Denis Villeneuve "Sicario" (2015) :
Faible profondeur de champ asymétrique pour une tension psychologique :

  • L'agent du FBI (Blunt) est généralement net (point focal)
  • Le méchant (Del Toro) est souvent doux/partiellement doux (ambiguïté, menace)
  • Changement : Inversé lors des scènes de prise de pouvoir
  • Suivi de mise au point : Preston WCU-4 avec deux assistants caméra
  • Effet psychologique : La netteté de la faible profondeur de champ = cartographie visuelle du pouvoir

Terrence Malick "The Tree of Life" (2011) :
Faible profondeur de champ philosophique :

  • Souvent seuls les détails sont nets : une feuille, une goutte d'eau, des rayons de lumière
  • "Méditation Bokeh" : La faible profondeur de champ sert un cinéma méditatif, pas un drame psychologique
  • Directeur de la photographie Emmanuel Lubezki : Caméra à l'épaule avec Zeiss Master Primes f/1.3
  • Effet psychologique : Poésie visuelle plutôt que narration

Paul Thomas Anderson "There Will Be Blood" (2007) :
Très faible profondeur de champ comme outil psychologique :

  • Téléobjectif 95 mm à f/1.4 pour un isolement extrême
  • Souvent seuls les yeux de Daniel Day-Lewis sont nets, le reste du visage est doux
  • Les accessoires du décor sont délibérément flous = focalisation psychologique sur la vie intérieure
  • Effet psychologique : Le spectateur dans un espace psychique isolé

Lynne Ramsay "You Were Never Really Here" (2017) :
Faible profondeur de champ fragmentée pour la représentation du SSPT :

  • Gros plans extrêmes avec faible profondeur de champ (f/1.4 ou plus)
  • Tailles d'image : Souvent seulement 10 % de l'image est focalisée
  • Jump cuts entre des points de mise au point extrêmement différents
  • Effet psychologique : Confusion du spectateur = état psychologique

Richard Linklater "Before Trilogy" (1995-2013) :
Faible profondeur de champ pour les dialogues :

  • Scènes de dialogue en plan rapproché avec faible profondeur de champ
  • Le locuteur actif est net, l'auditeur est doux = pondération psychologique
  • Transitions subtiles de mise au point entre les locuteurs
  • Effet psychologique : Distance émotionnelle transmise visuellement

Soderbergh "Magic Mike" (2012) :
Faible profondeur de champ pour une esthétique érotique :

  • Gros plans avec f/1.4 pour l'intimité physique
  • Mise au point divisée : par ex. la hanche nette, les yeux doux (perspective sexuelle)
  • Étalonnage des couleurs renforce l'effet de faible profondeur de champ en concentrant la couleur sur l'élément focalisé

Comparaison & Alternatives

Faible profondeur de champ vs.

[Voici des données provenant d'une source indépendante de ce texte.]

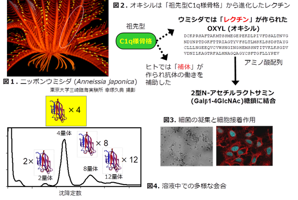 横浜市立大学大学院 生命ナノシステム科学研究科 イムティアジ・ハサン大学院生、大関泰裕教授、イタリア共和国トリエステ大学 生命科学部 マルコ・ジェルドル研究員、長崎国際大学大学院 薬学研究科 藤井佑樹講師は、東京大学大学院 理学系研究科附属臨海実験所(通称 三崎臨海実験所 岡 良隆 所長)が飼育する、原始的なグループの棘皮動物であるニッポンウミシダから発見したレクチン(糖鎖結合性タンパク質)が、ヒトの免疫分子である補体C1qと類似のアミノ酸配列を有していることを明らかにしました。レクチンは、血清糖タンパク質の品質管理や細胞の増殖制御など多様な働きを持ち、多くの構造が存在します。しかし、それらの由来については明らかではありません。本研究は、レクチンの構造のひとつが補体C1qと共通の祖先である骨格に由来していることを明らかにしました。

Grande profondeur de champ :

  • Faible : Attention sélective, isolement psychologique, moderne
  • Grande : Image démocratique, contextuelle, classique
  • Cinéma moderne : Approches hybrides avec des moments ciblés de faible profondeur de champ dans un configuration de grande profondeur de champ

Mise au point manuelle vs. Autofocus :

  • Manuelle : Contrôle artistique, transitions subtiles possibles, mais techniquement difficile
  • Autofocus (avec AF-C) : Plus rapide, mais souvent imprécis pour la faible profondeur de champ
  • Tendance moderne : Hybride (autofocus avec correction manuelle)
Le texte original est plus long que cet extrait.